Multi-isotope in vivo brain positron emission tomography and computed tomography (PET–CT) imaging. All images show the same approximate anatomical slice in the three orthogonal views (columns). CT image values are represented using a gray scale, and PET image values are represented using a rainbow color scale. (Top row) Standard PET image (using only double coincidences) from a rat injected with iodine-124 (¹²⁴I)-β-CIT (dopamine transporters) and ¹⁸FDG (glucose metabolism).
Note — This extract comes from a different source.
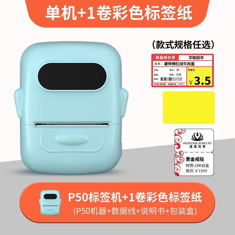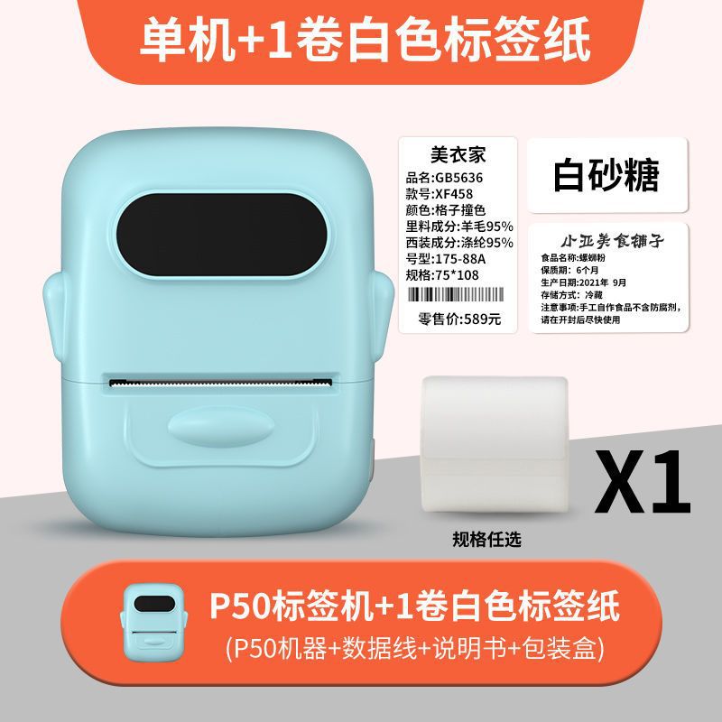 • 청록색 [12-50mm 인쇄 가능] - 독립형 기계 + 흰색 방수 라벨 1롤

Because standard PET data processing does not allow signal multiplexing, the combined signal from both radiotracers is shown as a single, mixed image. (Middle row) Separated ¹⁸FDG signal obtained by multiplexed PET (mPET) showing homogeneous uptake in the brain and a high, nonspecific uptake in the Harderian gland (H), which is typical of this radiotracer. (Bottom row) Separated ¹²⁴I-β-CIT signal obtained by mPET showing specific, dopamine transporter binding in the striatum (S) and nonspecific uptake in the thyroid glands (Th). The top row shows the result of adding information from the middle and bottom rows; mPET is capable of separating both independent components. Images courtesy of Stephen Moore, Brigham and Women’s Hospital, Boston.

Figure 9

(a) Schematic and photograph of a combined positron emission tomography and computed tomography (PET–CT) scanner used for clinical applications. Although the concept of aligning in tandem a CT scanner and a PET scanner is simple, the technical and practical complexities pose challenges that range from the footprint size of the resulting system to the spatial and temporal alignment of the resulting data sets. (b, left to right) The coronal view of a clinical ¹⁸FDG PET scan clearly shows a recurrent thyroid cancer tumor (crosshair), the CT image shows detailed anatomy in which the tumor is hardly distinguishable, and the blended image shows the precise anatomical localization (from the CT image) of the active tumor (from the PET image).

Figure 10

Simulated coronal slice of a human torso obtained by positron emission tomography (PET) illustrating the impact of respiratory motion effects during combined acquisition of PET and computed tomography (CT) data. (Left) If there is no motion, the lung tumor, liver boundaries, and the left ventricle of the heart are well delineated. (Right) However, when respiratory movement is present, the blurring and mismatches in attenuation correction introduce artifacts and numerical errors, which also obscure clinical evaluations.

Figure 11

(Left) Cross section along the patient scan axis for an integrated inline design used by clinical positron emission tomography–magnetic resonance (PET–MR) scanners. The PET detectors are placed between the different MR coils to reduce cross-system interference. (Right) PET–MR image of an anaplastic thyroid carcinoma formed from an MR T2-weighted turbo inversion recovery magnitude image showing high contrast in the soft tissue (gray) fused with an ¹⁸FDG PET image (color). Courtesy of Siemens Healthcare and University Hospital of Tubingen.